▶ EXERCISE INSTRUCTIONS
Among the records below, find the line that has "সাংবাদিকের উপর হামলার"; from there, give the lines again exactly, and stop after the line that has "A sunny and".

▶ INPUT MATERIAL
········

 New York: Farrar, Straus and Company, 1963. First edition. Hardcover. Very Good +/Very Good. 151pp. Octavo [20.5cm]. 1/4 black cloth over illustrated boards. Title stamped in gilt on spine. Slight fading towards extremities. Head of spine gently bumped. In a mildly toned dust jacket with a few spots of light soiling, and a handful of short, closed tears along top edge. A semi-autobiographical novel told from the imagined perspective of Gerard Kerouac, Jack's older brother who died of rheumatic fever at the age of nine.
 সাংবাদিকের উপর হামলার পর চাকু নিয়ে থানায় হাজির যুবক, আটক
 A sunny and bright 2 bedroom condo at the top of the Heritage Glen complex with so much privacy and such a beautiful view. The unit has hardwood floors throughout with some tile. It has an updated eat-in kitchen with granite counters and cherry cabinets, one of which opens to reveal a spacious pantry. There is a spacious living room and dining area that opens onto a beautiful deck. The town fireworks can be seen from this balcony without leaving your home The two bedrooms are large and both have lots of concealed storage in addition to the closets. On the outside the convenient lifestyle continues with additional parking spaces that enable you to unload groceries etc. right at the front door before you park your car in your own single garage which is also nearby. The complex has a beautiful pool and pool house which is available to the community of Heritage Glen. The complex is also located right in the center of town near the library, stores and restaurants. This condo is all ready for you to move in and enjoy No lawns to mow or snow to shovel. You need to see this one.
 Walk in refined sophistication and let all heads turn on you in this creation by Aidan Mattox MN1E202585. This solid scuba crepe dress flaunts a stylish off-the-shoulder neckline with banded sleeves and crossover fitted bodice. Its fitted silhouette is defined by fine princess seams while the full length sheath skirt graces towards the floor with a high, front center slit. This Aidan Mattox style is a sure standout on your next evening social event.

········

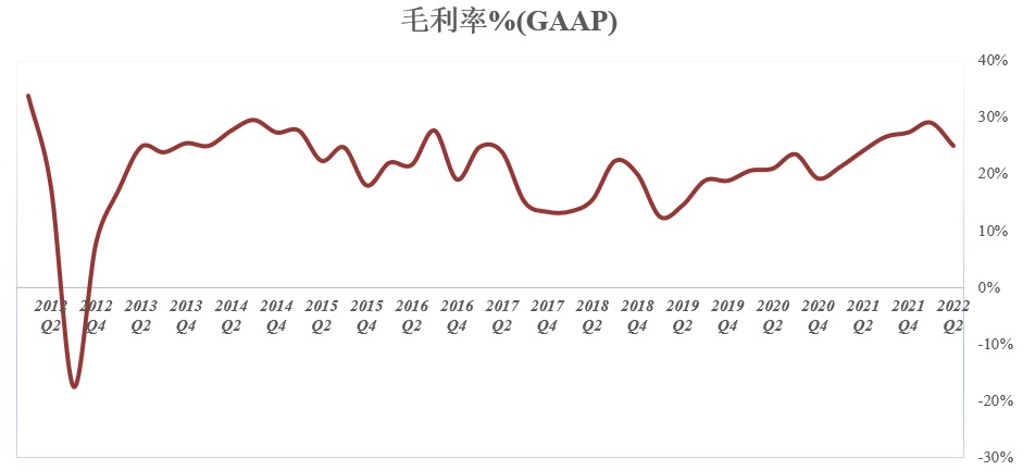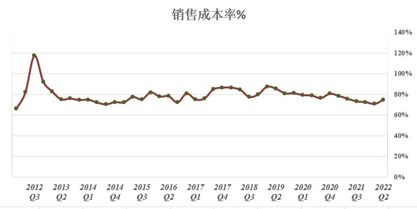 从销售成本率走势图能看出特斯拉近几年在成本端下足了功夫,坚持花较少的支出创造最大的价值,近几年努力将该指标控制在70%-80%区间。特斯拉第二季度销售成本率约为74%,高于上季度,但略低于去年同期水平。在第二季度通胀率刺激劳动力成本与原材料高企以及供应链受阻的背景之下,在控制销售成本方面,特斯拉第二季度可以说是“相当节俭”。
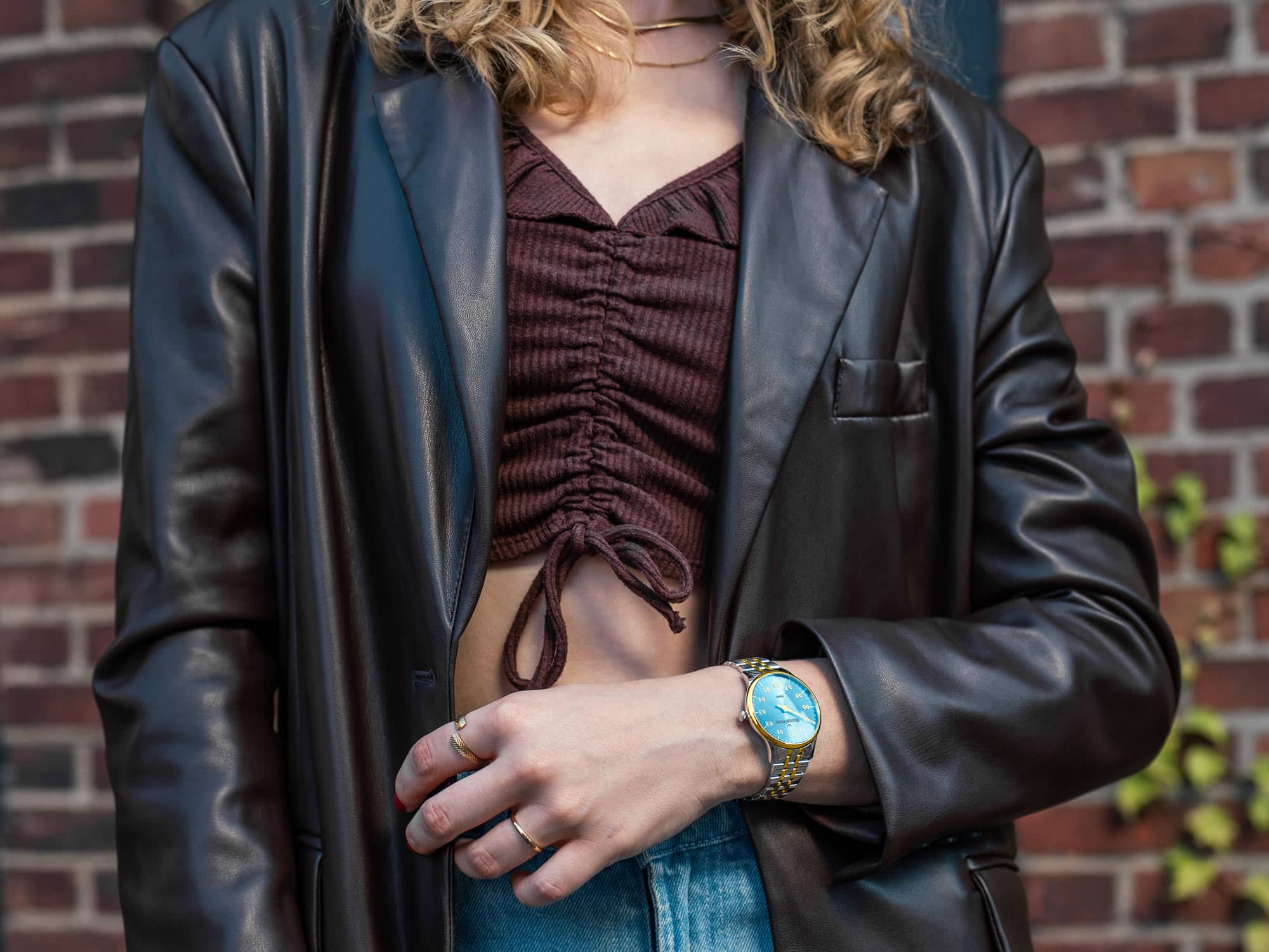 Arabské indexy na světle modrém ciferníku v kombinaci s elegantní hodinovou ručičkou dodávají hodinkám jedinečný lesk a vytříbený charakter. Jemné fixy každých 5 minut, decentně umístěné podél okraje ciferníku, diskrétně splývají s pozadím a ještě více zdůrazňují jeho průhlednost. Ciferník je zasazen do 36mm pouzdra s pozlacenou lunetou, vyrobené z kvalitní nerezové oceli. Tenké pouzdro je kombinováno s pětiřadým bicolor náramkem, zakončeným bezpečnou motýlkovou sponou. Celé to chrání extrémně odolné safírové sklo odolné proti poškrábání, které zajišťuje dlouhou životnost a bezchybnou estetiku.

········

▶ TASK RESULT
 সাংবাদিকের উপর হামলার পর চাকু নিয়ে থানায় হাজির যুবক, আটক
 A sunny and bright 2 bedroom condo at the top of the Heritage Glen complex with so much privacy and such a beautiful view. The unit has hardwood floors throughout with some tile. It has an updated eat-in kitchen with granite counters and cherry cabinets, one of which opens to reveal a spacious pantry. There is a spacious living room and dining area that opens onto a beautiful deck. The town fireworks can be seen from this balcony without leaving your home The two bedrooms are large and both have lots of concealed storage in addition to the closets. On the outside the convenient lifestyle continues with additional parking spaces that enable you to unload groceries etc. right at the front door before you park your car in your own single garage which is also nearby. The complex has a beautiful pool and pool house which is available to the community of Heritage Glen. The complex is also located right in the center of town near the library, stores and restaurants. This condo is all ready for you to move in and enjoy No lawns to mow or snow to shovel. You need to see this one.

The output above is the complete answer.